Beba água. Muito disso.
Nove, um para um, duas e cinco onças por dia. Isso não é uma sugestão. Isso é biologia.
Coma antes de bater
Não fique horas sem comer.
Coma a cada três ou quatro horas. Combine-o com o seu nível de atividade.
Alta proteína. Fibra. Gorduras boas.
- Pipoca estourada e queijo ralado.
- Fatias de maçã com manteiga de nozes.
- Cenouras com homus.
- Bagas e iogurte grego.
Evite o pico de açúcar. Tenha como objetivo a liberação sustentada.
Vitamina D e luz solar
Baixo teor de vitamina D significa fraqueza.
Vá para fora. Trinta minutos por dia.
Coma gemas de ovo. Peixe de água salgada.
Os suplementos também ajudam, mas verifique primeiro com um médico. A dosagem ideal não é uma suposição. São dados.
Seu ritmo circadiano precisa de dicas leves.
Deixe a luz do sol entrar em seus olhos logo depois de acordar.
Se você não pode sair de casa? Finja com um despertador ao nascer do sol. Deixe as persianas ligeiramente abertas. Deixe a manhã entrar. Evite luz artificial à noite.
Saia ao acordar para deixar a luz do sol entrar em seus olhos.
O Fator B12
B12 constrói glóbulos vermelhos.
A deficiência causa fadiga.
Os adultos precisam de 2,4 mcg por dia.
Coma carne bovina. Leite. Ostras. Sardinhas. Iogurte.
Vegetarianos e veganos estão em risco aqui. Suplemente com cuidado. Pergunte ao seu médico o que você precisa.
Mova mais
Curtas rajadas de exercícios moderados matam a fadiga.
O humor aumenta. A energia permanece mais alta.
Não fique sentado o dia todo. Levante-se a cada trinta minutos.
Suba as escadas. Ande rapidamente pelo escritório. Ande de bicicleta para o trabalho, se puder.

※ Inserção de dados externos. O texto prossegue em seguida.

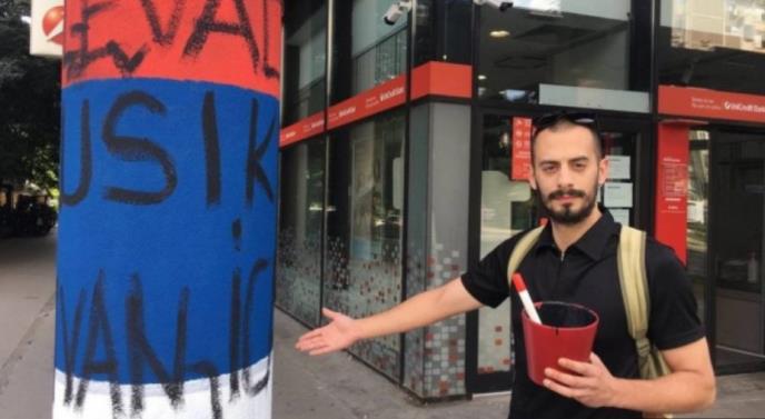 Osvedočeni srbomrzac poznat po skrnavljenju zastave Srbije, krečio je srpske trobojke, pozivao je na nerede i nasilnu smenu vlasti, upadao u Gradsku kuću, a danas je po ko zna koji put pokazao na delu da mu je nasilje glavni motiv.
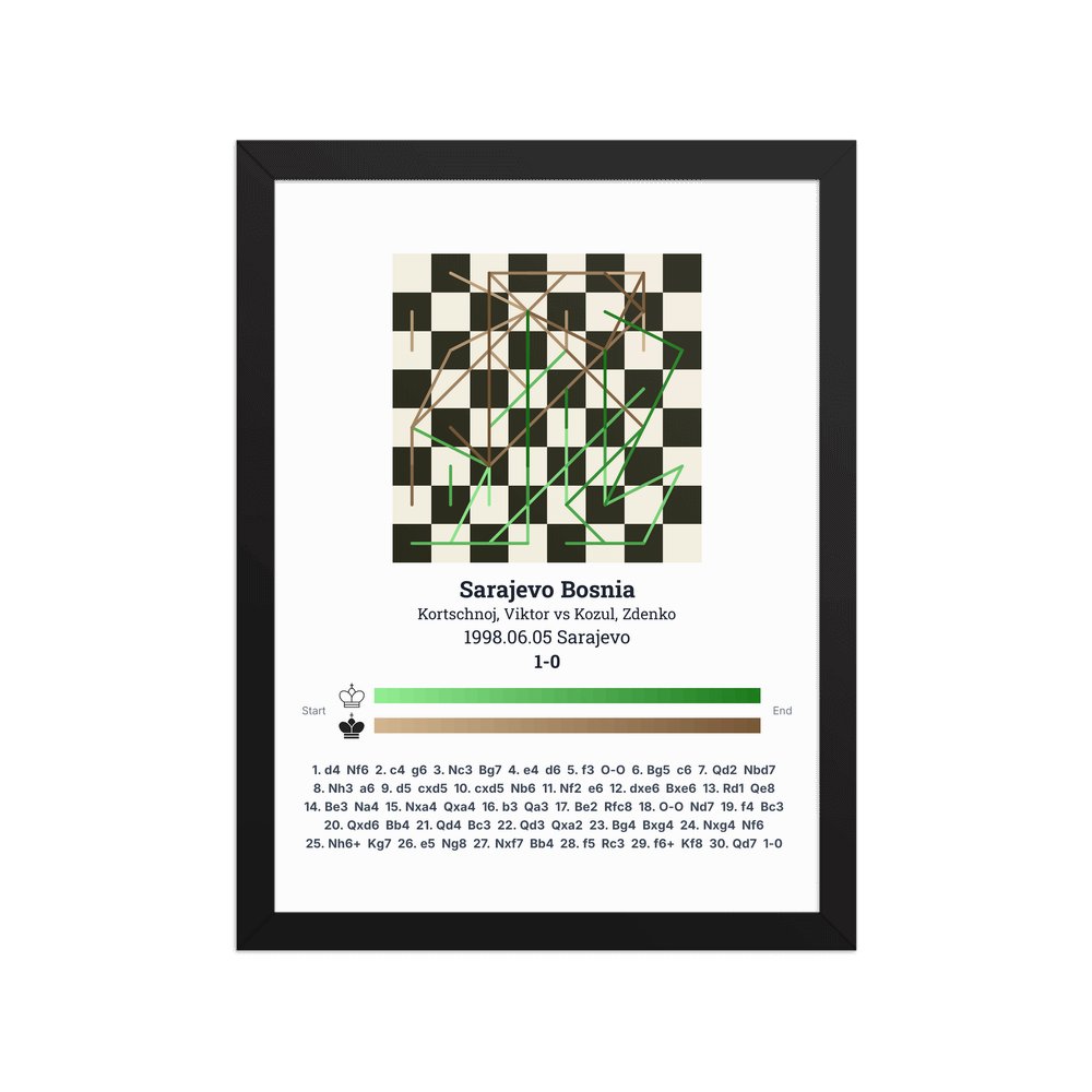 Museum-quality poster on thick, durable matte paper. A sharp, clean look for any chess visualisation.
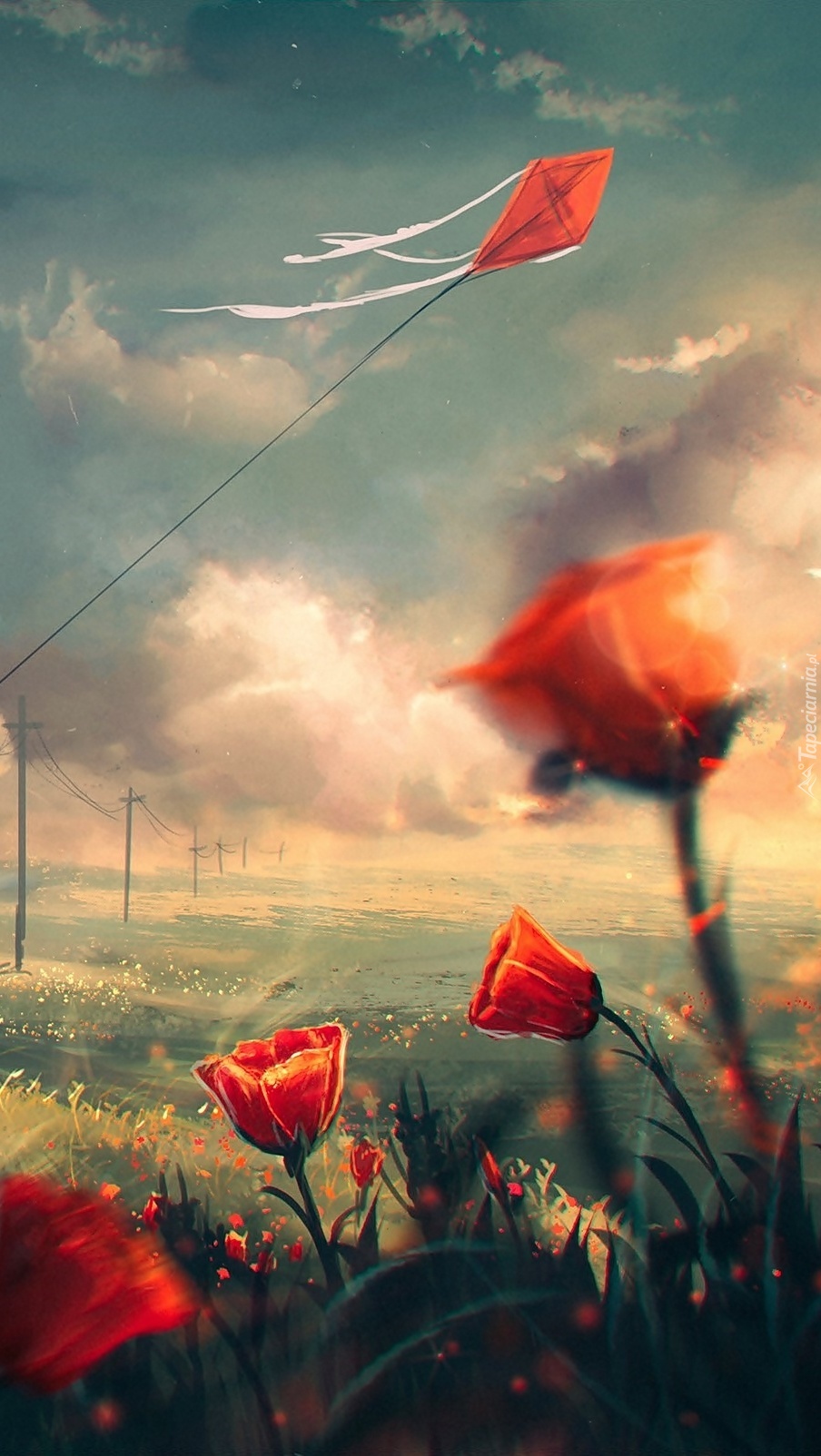 Edytor tapety: Latawiec nad łąką maków na obrazie
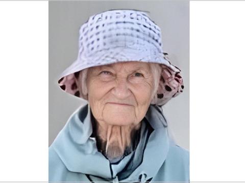 Приметы пропавшей: рост около 165 см, худощавого телосложения, волосы седые, глаза карие. Была одета в тёмно-синюю кофту, белую куртку, зелёные штаны, бордовые ботинки. При себе имела трость.
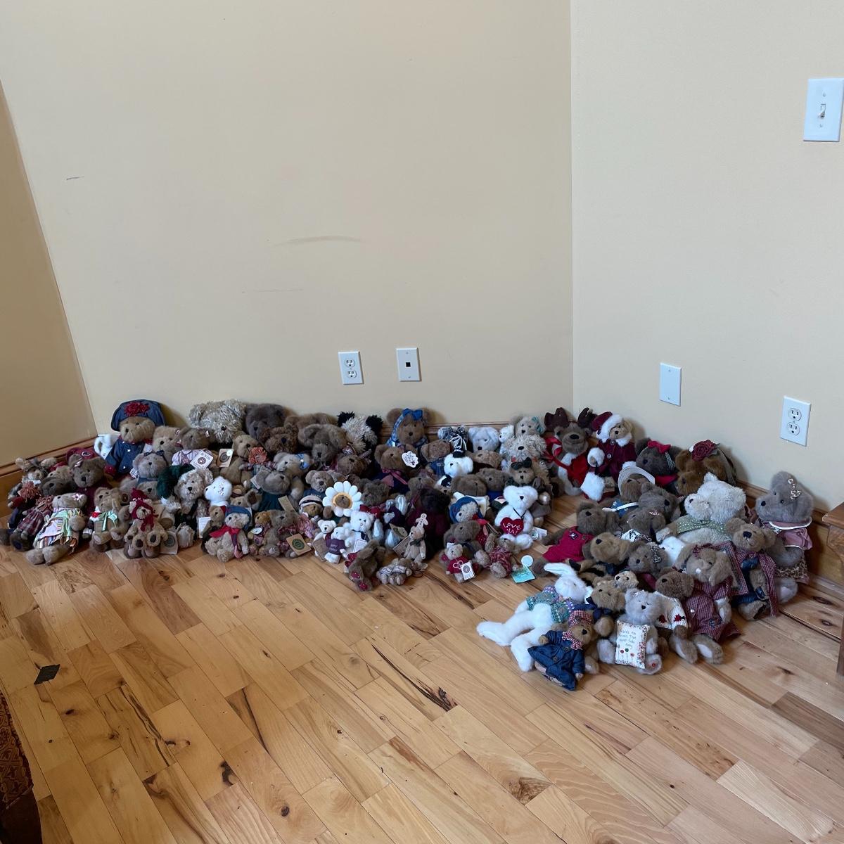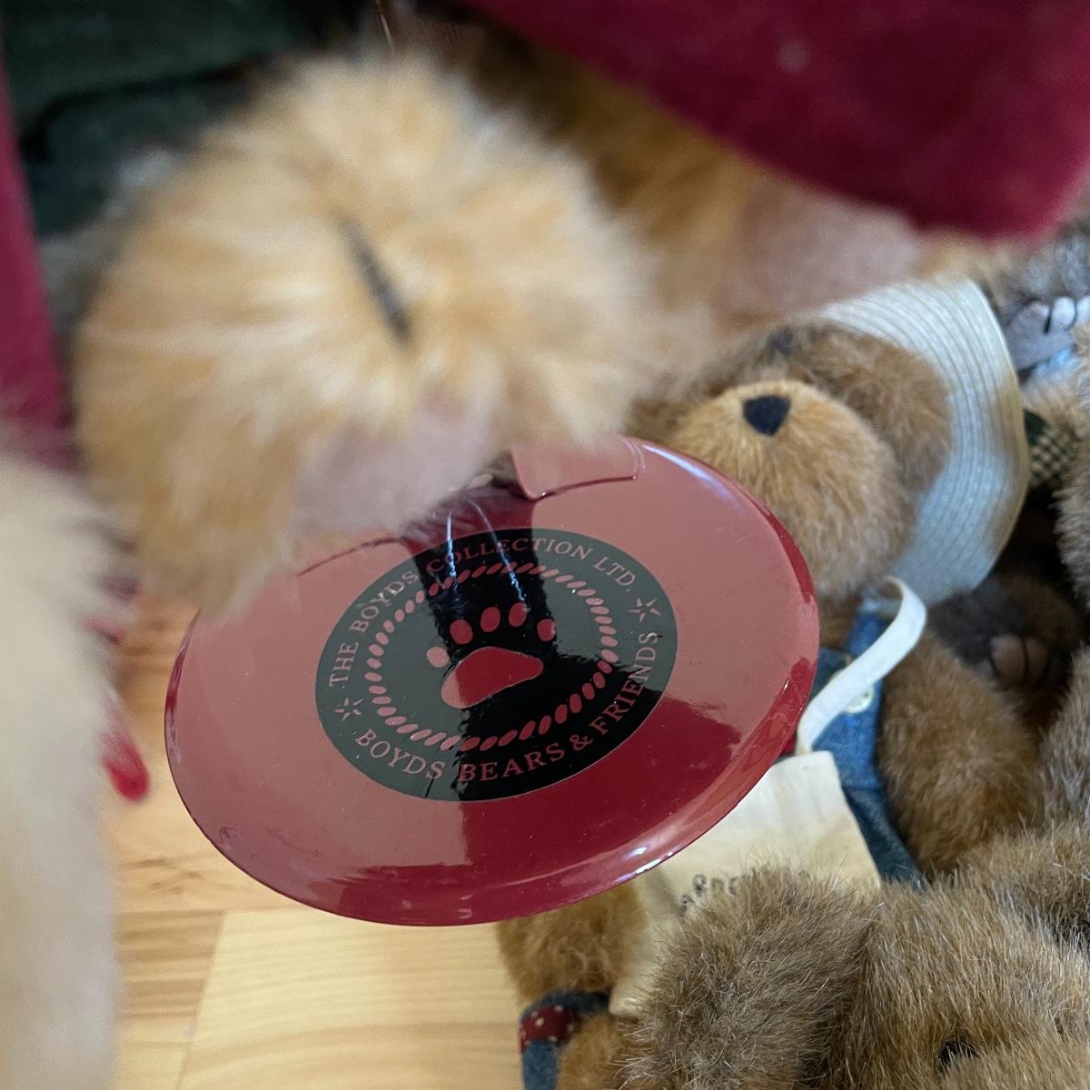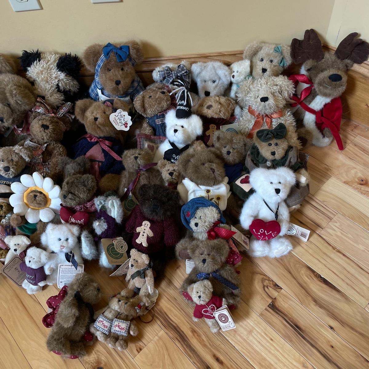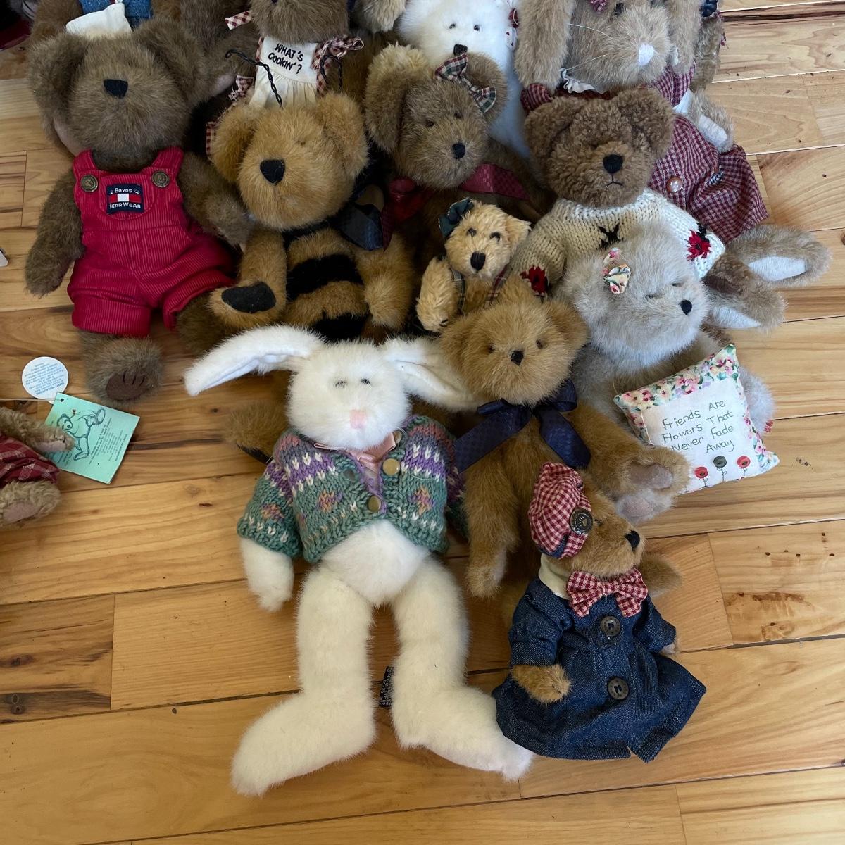A beary great find for the Boyd’s collectors and teddy bear enthusiasts. These fuzzy friends are ready to be gifted or displayed in your home! Lot includes about 65 bears with the seller’s tags (almost all the bears and bunnies have Boyd’s tags sewn to their bodies). There are also about twenty more bears and bunny without the paper sale tag; these are shown to the right of the Santa bear on a maroon metal Boyd’s stand. All bears range in between about 3.5” to the largest at 18”. See images. Find some super cute Boyd’s accessories in lot 249. Local pick up only.
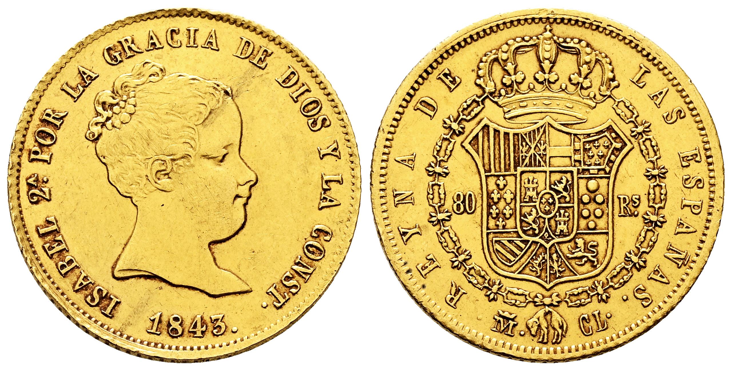 Elizabeth II (1833-1868). 80 reales. 1843. Madrid. CL. (Cal-730). Au. 6,74 g. Minor scratches. XF/Almost XF. Est...600,00.
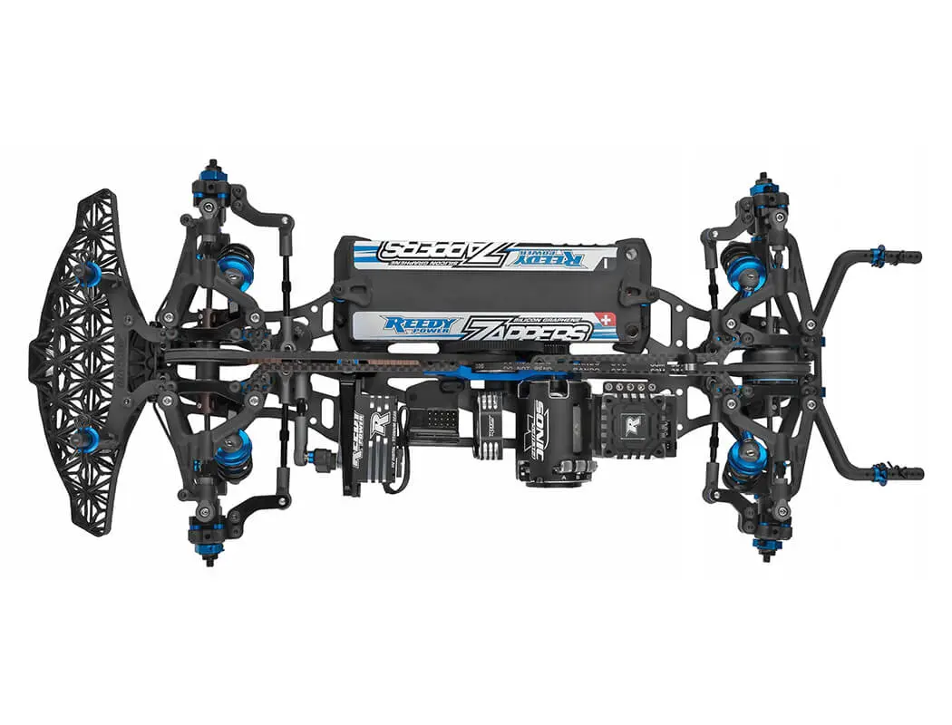 Please Note: Vehicle shown equipped with items NOT included in kit: Body, Reedy motor, battery, ESC, servo, receiver, wheels, tyres, body, and pinion gear. Assembly and painting required.

Não se trata de maratonas. É uma questão de movimento.
Limite de álcool
O álcool prejudica a qualidade do sono.
Mesmo se você cair. Você não descansa.
Mulheres: uma bebida por dia. Homens: dois.
Ou zero. Zero é mais seguro.
Chiclete e canto
Mascar chiclete. A pesquisa sugere que melhora o foco e o estado de alerta.
Mas cuidado. Muita goma sem açúcar é igual a gás. Inchaço não é a vibe.
Cantar. Realmente.
Tocar teclas, bater ritmo, cantar. A música aumenta os níveis de energia de muitas pessoas.
Mascar chiclete pode aumentar o estado de alerta, mas grandes quantidades de opções sem açúcar podem causar gases.
Rotinas são importantes
Acorde ao mesmo tempo. Vá para a cama ao mesmo tempo.
A consistência gera eficiência. Ele constrói energia.
A rotina é chata até facilitar tudo.
Massagem e Aroma
Uma breve massagem apoia a função cerebral. Reduz a fadiga mental. Ajuda a memória.
Reserve um, se puder.
Aromaterapia funciona para alguns.
Botão de cravo, incenso de laranja, tomilho. Estudos mostram que esta mistura ajuda a fadiga em pacientes com COVID pós-agudo.
Outros para tentar:
Bergamota. Cedro. Gerânio. Ruivo. Limão. Árvore do chá.
Misture óleos essenciais com um óleo transportador como o de coco. Não os despeje diretamente na pele. Leia os rótulos. Sempre.